#### [Study material]

----------

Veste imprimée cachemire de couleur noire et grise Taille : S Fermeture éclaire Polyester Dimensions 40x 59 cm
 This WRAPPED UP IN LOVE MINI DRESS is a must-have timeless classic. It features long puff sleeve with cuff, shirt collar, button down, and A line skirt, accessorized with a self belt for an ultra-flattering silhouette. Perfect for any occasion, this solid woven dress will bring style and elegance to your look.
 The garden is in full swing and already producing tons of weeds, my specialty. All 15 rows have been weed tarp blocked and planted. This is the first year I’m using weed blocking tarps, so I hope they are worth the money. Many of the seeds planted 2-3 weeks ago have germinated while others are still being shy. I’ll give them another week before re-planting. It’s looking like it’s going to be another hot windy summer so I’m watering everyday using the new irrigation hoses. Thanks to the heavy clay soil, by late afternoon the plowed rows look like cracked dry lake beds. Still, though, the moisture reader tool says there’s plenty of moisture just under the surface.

----------

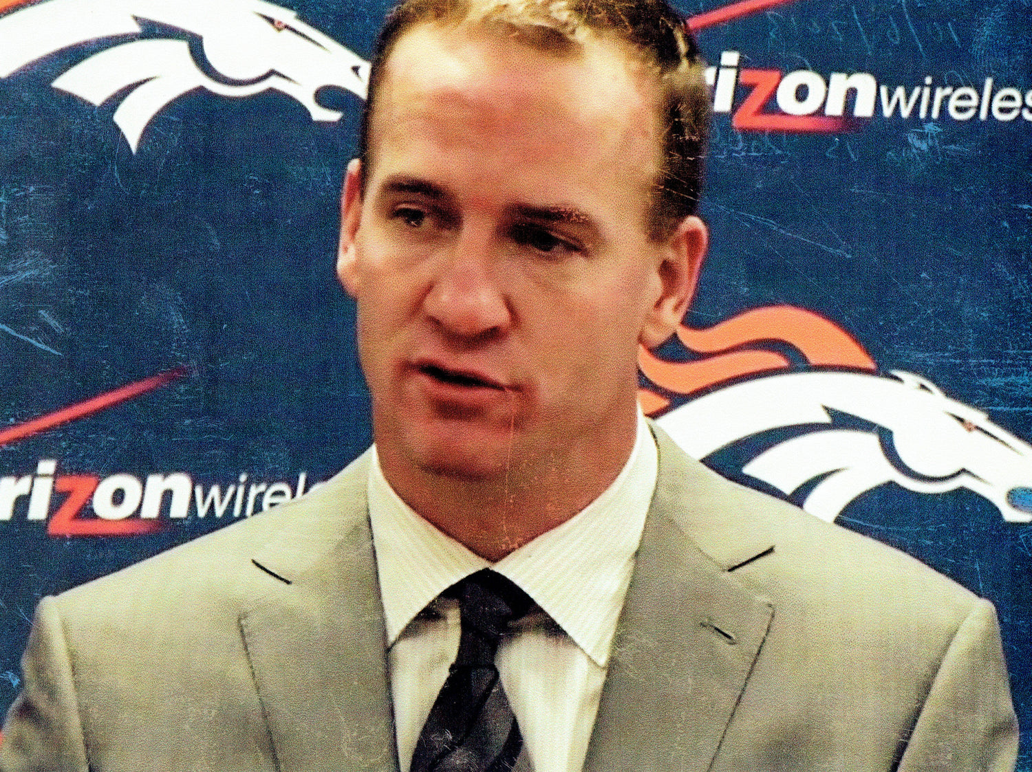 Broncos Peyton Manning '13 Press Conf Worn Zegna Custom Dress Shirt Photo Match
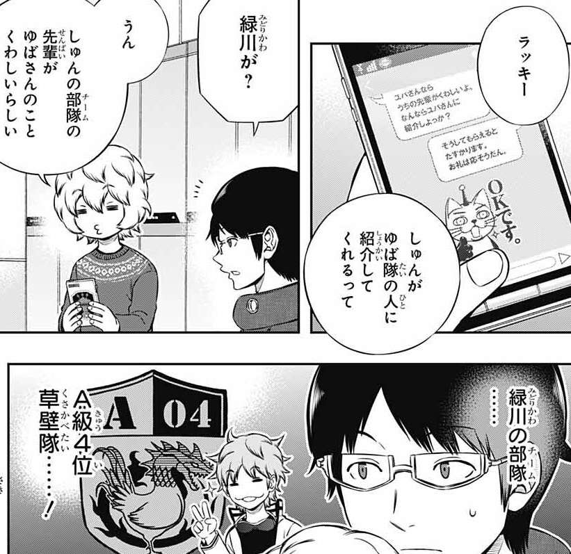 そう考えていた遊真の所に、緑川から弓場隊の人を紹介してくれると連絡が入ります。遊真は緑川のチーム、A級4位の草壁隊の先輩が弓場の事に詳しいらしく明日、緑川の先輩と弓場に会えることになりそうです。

----------

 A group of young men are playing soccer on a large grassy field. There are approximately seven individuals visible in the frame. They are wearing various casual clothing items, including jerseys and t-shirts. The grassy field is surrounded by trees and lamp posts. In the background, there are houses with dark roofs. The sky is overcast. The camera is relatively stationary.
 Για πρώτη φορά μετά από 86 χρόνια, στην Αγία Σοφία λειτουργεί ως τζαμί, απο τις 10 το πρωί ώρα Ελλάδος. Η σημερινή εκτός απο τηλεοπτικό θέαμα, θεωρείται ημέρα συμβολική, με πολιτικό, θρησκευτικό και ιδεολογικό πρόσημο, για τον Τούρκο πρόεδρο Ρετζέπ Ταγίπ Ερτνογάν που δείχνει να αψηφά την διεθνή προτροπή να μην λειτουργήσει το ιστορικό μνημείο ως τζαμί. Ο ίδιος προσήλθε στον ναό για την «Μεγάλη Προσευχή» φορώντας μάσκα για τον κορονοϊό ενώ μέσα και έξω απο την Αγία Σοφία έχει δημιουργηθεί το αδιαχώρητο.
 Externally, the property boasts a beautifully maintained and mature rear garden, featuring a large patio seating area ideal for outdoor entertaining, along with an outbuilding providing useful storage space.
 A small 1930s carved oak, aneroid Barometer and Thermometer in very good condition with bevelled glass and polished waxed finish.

----------

#### [Problem details]
Retype only the stretch of lines above starting at the one with "Externally, the property" and stopping at the one with "A small 1930s", exactly as written, with both kept.

#### [Written response]
 Externally, the property boasts a beautifully maintained and mature rear garden, featuring a large patio seating area ideal for outdoor entertaining, along with an outbuilding providing useful storage space.
 A small 1930s carved oak, aneroid Barometer and Thermometer in very good condition with bevelled glass and polished waxed finish.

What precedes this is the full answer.